EXERCISE PROMPT
Please give the entries below again exactly, omitting every picture.

[Data records]
********

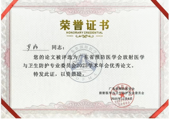 学院与广州市职业病防治院联合培养的研究生罗爽和陈美琳两位同学的研究成果参加了本次学术年会论文评选,罗爽同学的论文凭借方法科学、数据扎实、视角新颖,获评本次会议的"优秀论文”,并在大会分会场进行汇报展示。通过本次会议,我院研究生得以与国内权威专家及同行深入交流,拓宽了学术视野。后续学院和广州市第十二人民医院将继续加强合作,关注放射医学与卫生防护等关键科学问题,进一步优化学科布局、提升育人质量。
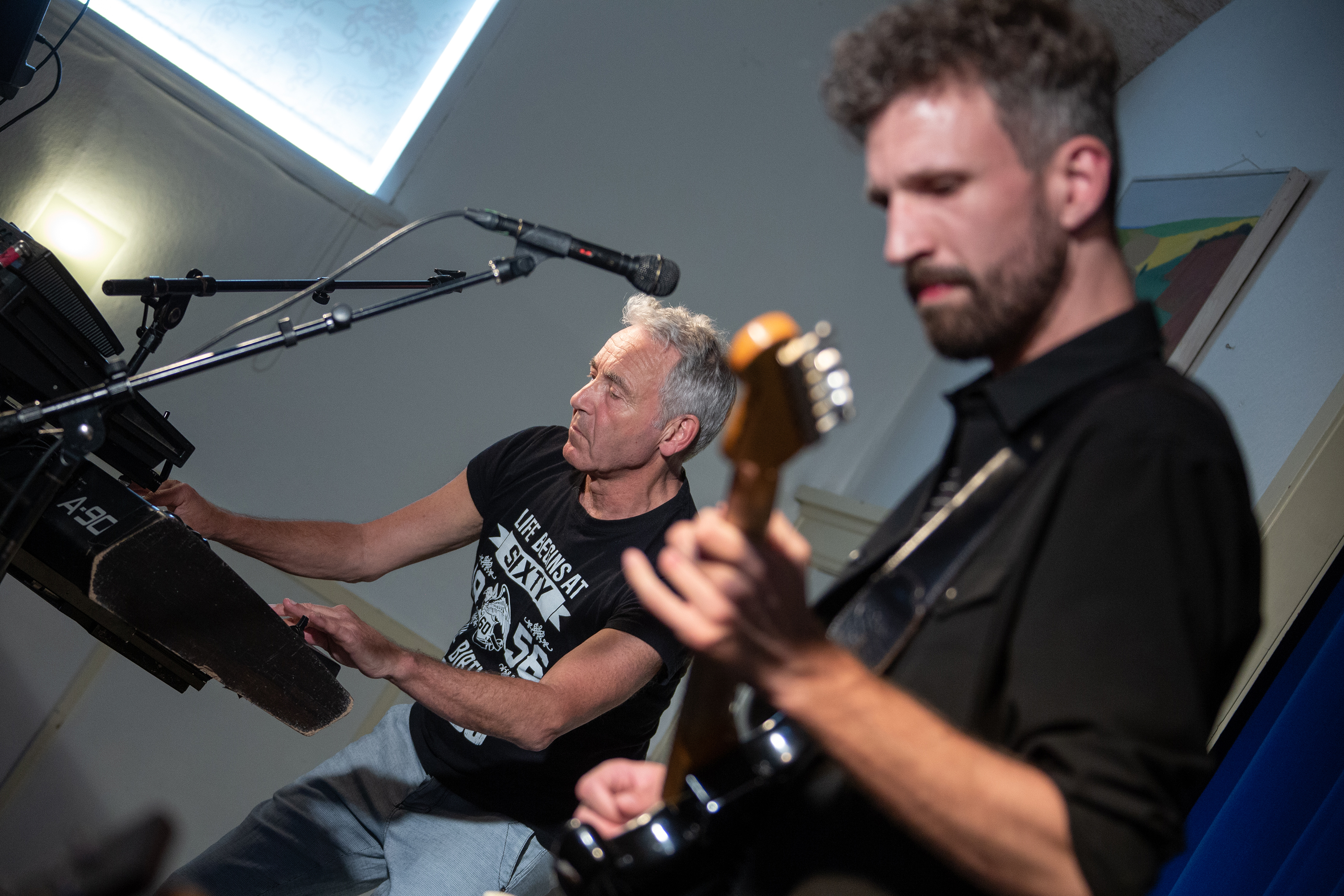 Vi sidder og snakker forud fra aftenens koncert med Kristian Lilholt og Frede Panduro. Kapaciteten i salen er 100 personer, der placeres ved runde borde, så man kan spise og hygge sig sammen inden koncerten. Alle pladser bliver besat, men så er 100 jo heller ikke et højere tal… Kristian Lilholt bekræfter, at tiden med og efter corona har ændret koncert-billedet. Det er de mange – og ofte små – arrangementer, der giver smør på brødet – og så må man som kunstner bare knokle på og gennemføre flere koncerter end tidligere.
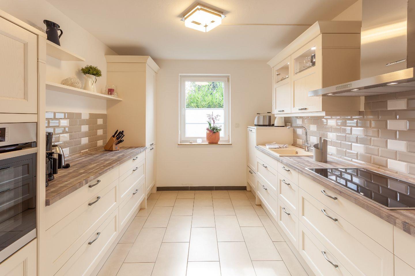 KÜCHE // separate Küche mit Esstisch, Induktionsherd, Mikrowelle, Spülmaschine, Kühlschrank, Backofen, Toaster, Wasserkocher, Kaffeemaschine, reichlich Besteck, Geschirr und Küchenutensilien ++
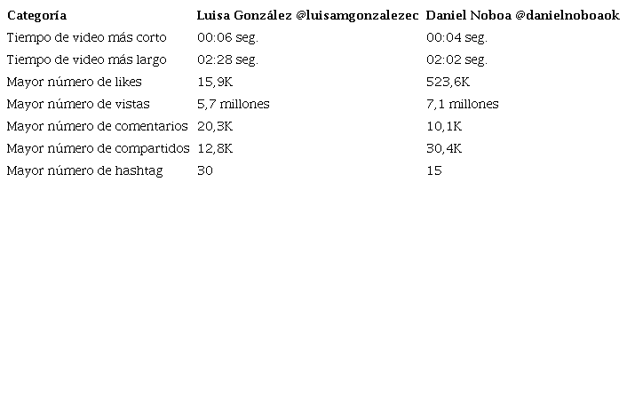 Por otra parte, en este análisis de contenido también se incluyó el analizar las métricas y feedback con las cuentas de TikTok de los candidatos Noboa y González (Tabla 11). Ante lo expuesto, se demuestran datos significativos como: tiempo de videos, número de vistas, likes, comentarios, compartidos y hashtag. La diferencia del video más corto entre ambos candidatos es de 2 segundos, mientras que el video más extenso la diferencia es 26 segundos, difundido por González. Con respecto a los likes (“me gusta”), las vistas y reproducciones de Noboa supera a la otra candidata.
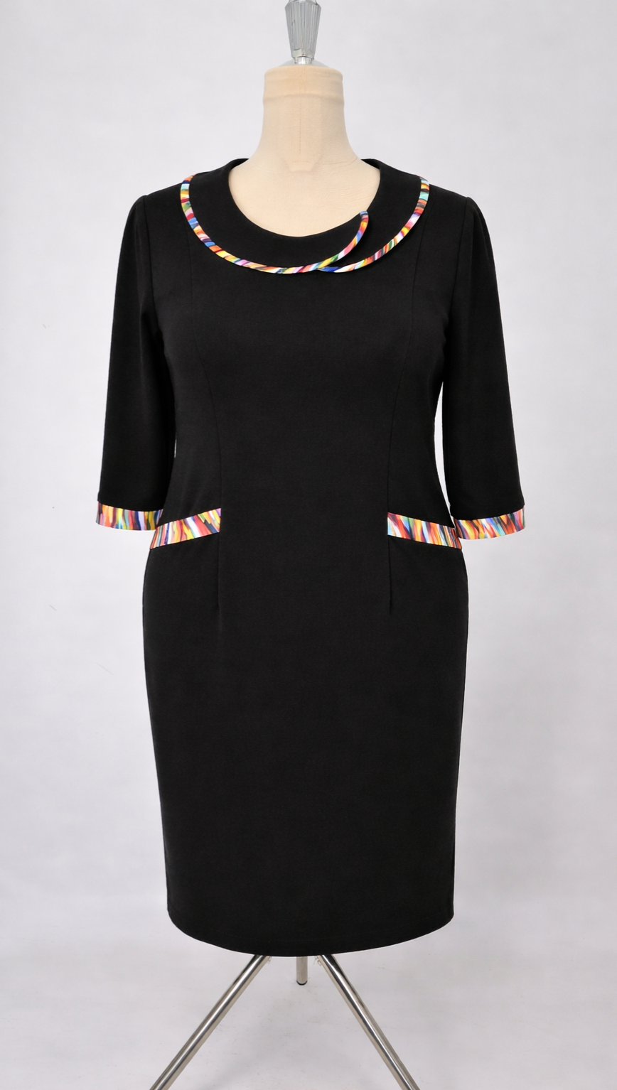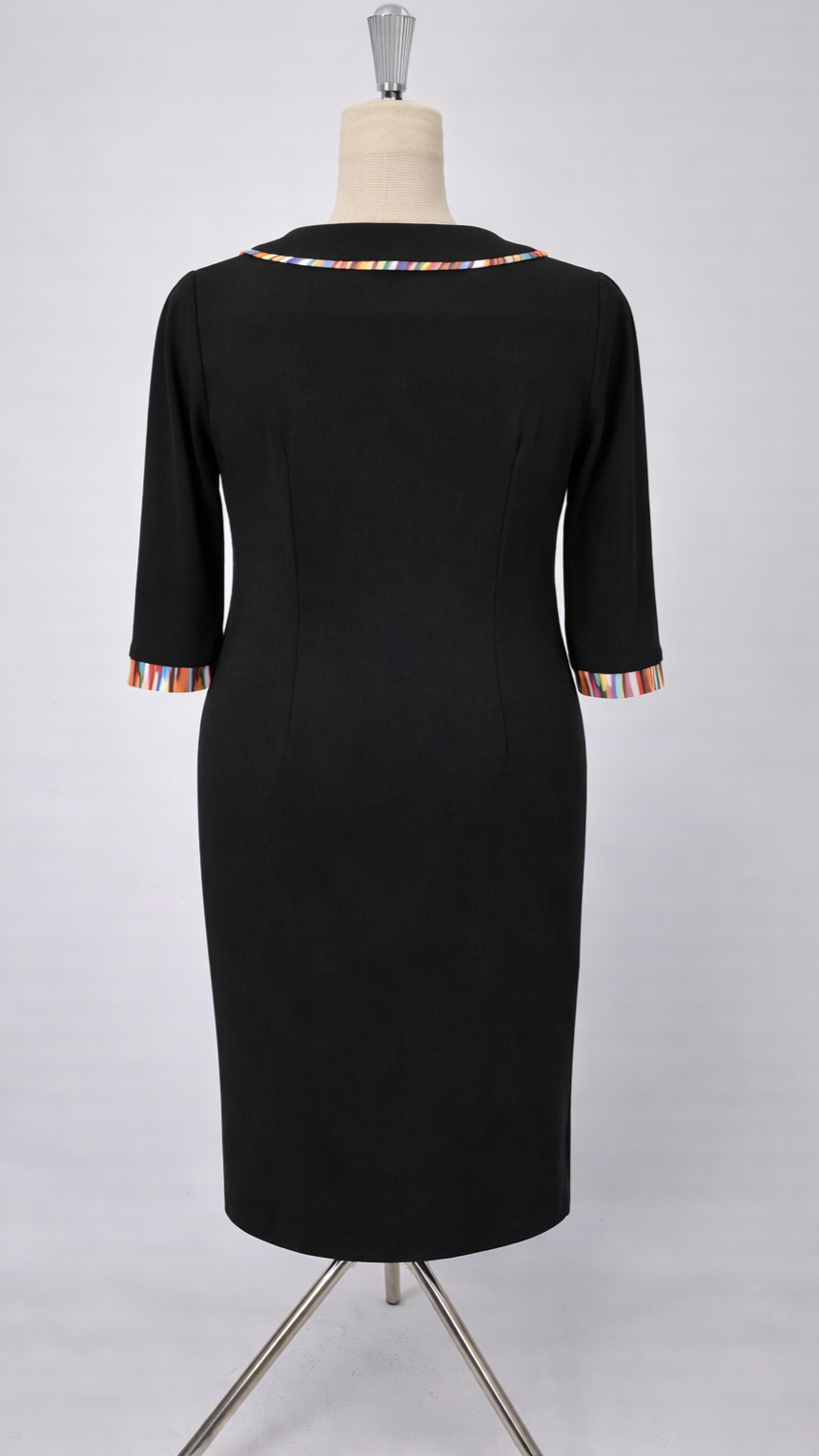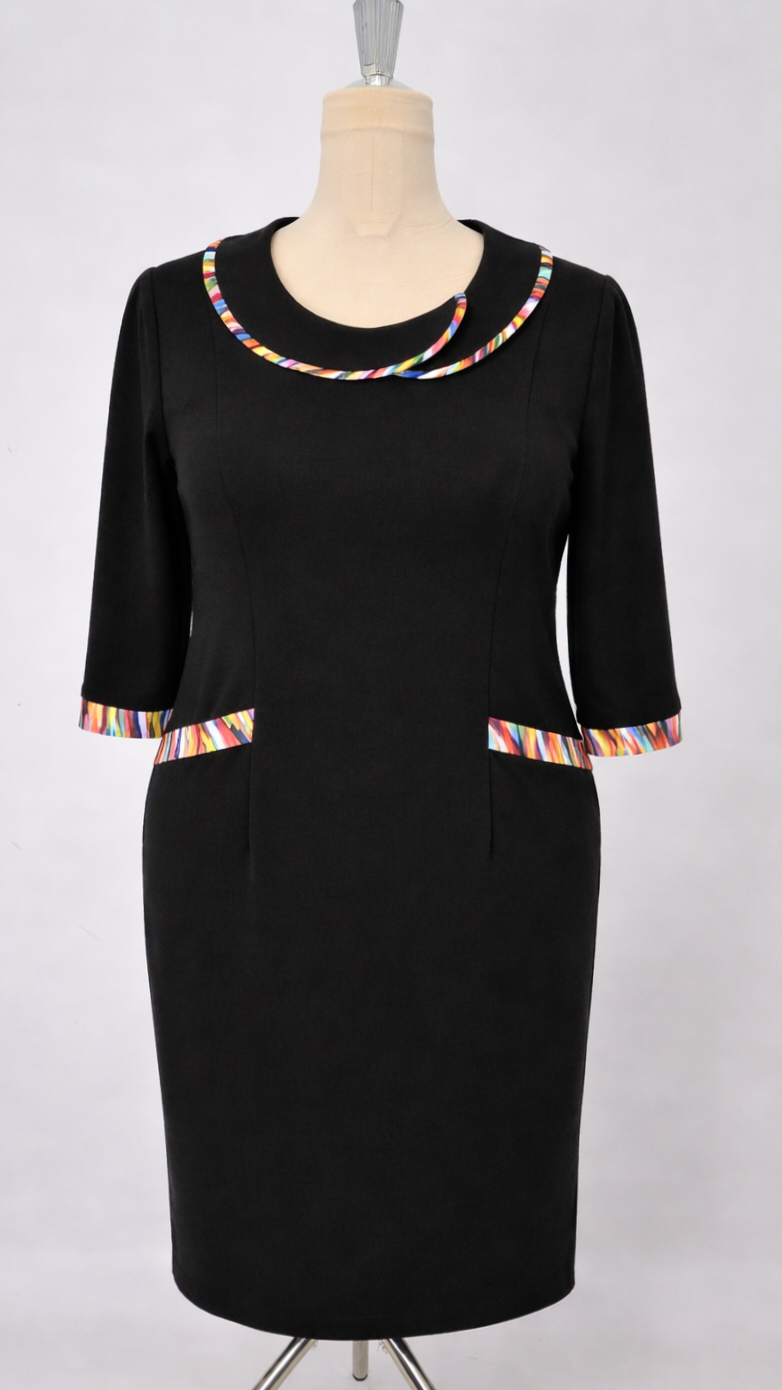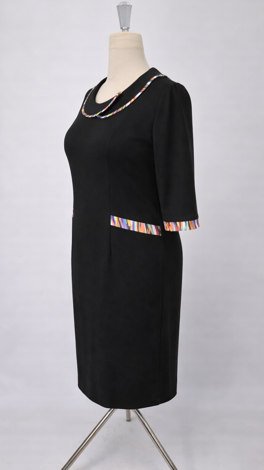 Rochie elegantă negru cu detalii decorative multicolore

********

RESULT FOR THIS TASK
 学院与广州市职业病防治院联合培养的研究生罗爽和陈美琳两位同学的研究成果参加了本次学术年会论文评选,罗爽同学的论文凭借方法科学、数据扎实、视角新颖,获评本次会议的"优秀论文”,并在大会分会场进行汇报展示。通过本次会议,我院研究生得以与国内权威专家及同行深入交流,拓宽了学术视野。后续学院和广州市第十二人民医院将继续加强合作,关注放射医学与卫生防护等关键科学问题,进一步优化学科布局、提升育人质量。
 Vi sidder og snakker forud fra aftenens koncert med Kristian Lilholt og Frede Panduro. Kapaciteten i salen er 100 personer, der placeres ved runde borde, så man kan spise og hygge sig sammen inden koncerten. Alle pladser bliver besat, men så er 100 jo heller ikke et højere tal… Kristian Lilholt bekræfter, at tiden med og efter corona har ændret koncert-billedet. Det er de mange – og ofte små – arrangementer, der giver smør på brødet – og så må man som kunstner bare knokle på og gennemføre flere koncerter end tidligere.
 KÜCHE // separate Küche mit Esstisch, Induktionsherd, Mikrowelle, Spülmaschine, Kühlschrank, Backofen, Toaster, Wasserkocher, Kaffeemaschine, reichlich Besteck, Geschirr und Küchenutensilien ++
 Por otra parte, en este análisis de contenido también se incluyó el analizar las métricas y feedback con las cuentas de TikTok de los candidatos Noboa y González (Tabla 11). Ante lo expuesto, se demuestran datos significativos como: tiempo de videos, número de vistas, likes, comentarios, compartidos y hashtag. La diferencia del video más corto entre ambos candidatos es de 2 segundos, mientras que el video más extenso la diferencia es 26 segundos, difundido por González. Con respecto a los likes (“me gusta”), las vistas y reproducciones de Noboa supera a la otra candidata.
 Rochie elegantă negru cu detalii decorative multicolore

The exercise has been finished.